Структура момента - Рустам Ибрагимбеков
Шрифт:
Интервал:
Закладка:
- Да.
- Не верю.
- Не надо притворяться. Ты и сама думаешь точно так же. Уже давно нет никакой любви. Просто изображаем ее друг перед другом и перед людьми тоже...
- Зачем?
- Не знаю. Тебе лучше знать. Приятно, наверное. Как же, такая сильная, всепобеждающая любовь! Всем на зависть. А на самом деле - для тебя это игра, развлечение...
- Неправда.
- К сожалению, правда. Игра, на которую ушли четырнадцать лет моей жизни.
- А моей?
- У тебя-то все в порядке. Ты успевала одновременно заниматься устройством своих дел.
- Опять начинаешь?
- Да, начинаю... Я потерял все, понимаешь, все... Из-за этой выдуманной, показушной любви я четырнадцать лет непрерывно вру, изворачиваюсь, прячусь от людей. А для тебя это приятная добавка к тому, что у тебя есть, развлечение после работы, отвлечение от семейных забот...
- А кто тебя заставлял?
- Ну конечно, во всем виноват я сам. Было бы удивительно, если бы ты этого не сказала. Но что поделаешь, если не все такие деловитые, как ты?! Не все могут играть в несколько игр одновременно.

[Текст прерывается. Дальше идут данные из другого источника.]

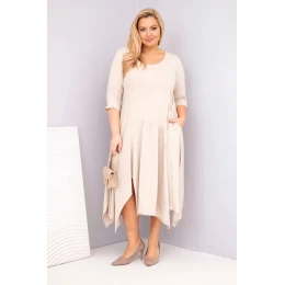 3. Dámska bavlnená sukňa s asymetrickým lemom v béžovej farbe

- Ну какой смысл все ворошить?
Но я уже не мог остановиться.
- Конечно, во всем виноват я сам. Надо было уехать домой, а не торчать тогда здесь год из-за тебя.
- Я не это имела в виду.
- А что?
- То, что происходило потом.
- А что происходило?
- Ну не надо, прошу тебя... Сколько можно говорить об одном и том же?
- Нет, ты все же скажи, что ты имеешь в виду? То, что я вынужден был обманывать мать, врать ей и всем остальным, что учусь в университете? Тебе ли упрекать меня в этом? Я же для тебя это делал, чтобы остаться в Москве!

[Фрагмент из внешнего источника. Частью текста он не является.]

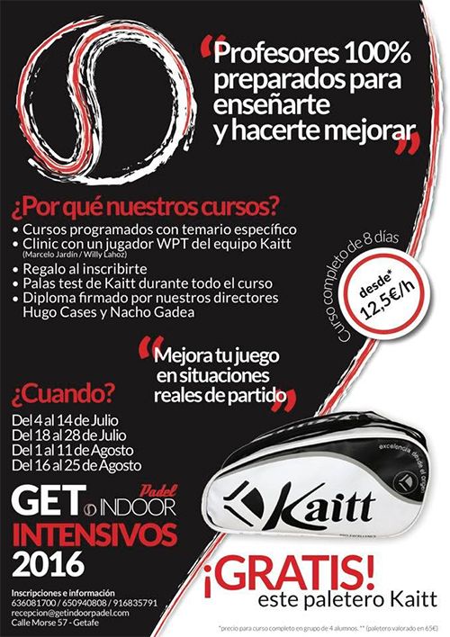 Padel World Press .- El equipo de GET Indoor ha presentado sus nuevos Cursos Intensivos 2016. Siempre dispuestos a sorprender a sus socios y clientes con las mejores alternativas para disfrutar del pádel, en esta ocasión han centrado todos sus esfuerzos en conseguir que los meses de verano tengan un nuevo aliciente para los practicantes de este maravilloso deporte.

- А кто тебе мешал на самом деле учиться? Ты мог постудить на следующий год.
- Ты мне мешала! Ты! - Объяснение наше по накатанной с годами дорожке скатилось к месту, где я был наиболее уязвим, и каждый раз я приходил в ярость из-за того, что Нина не упускала возможности упрекнуть меня в лености, хотя прекрасно понимала истинную причину всех моих бед. - Из-за тебя я не смог поступить ни первый раз, ни потом - не лезло ничего в голову! И из-за тебя я четырнадцать лет изображал эту чертову, давно несуществующую любовь, которая, как выяснилось, и тебе давно в тягость!
- Неправда!
- Олег все за тебя сказал. Наконец все выяснилось.
- Я люблю тебя, честное слово. - Растратив все аргументы, Нина заплакала. - Я действительно устала. Но это пройдет. Поверь мне... Ну что ты молчишь?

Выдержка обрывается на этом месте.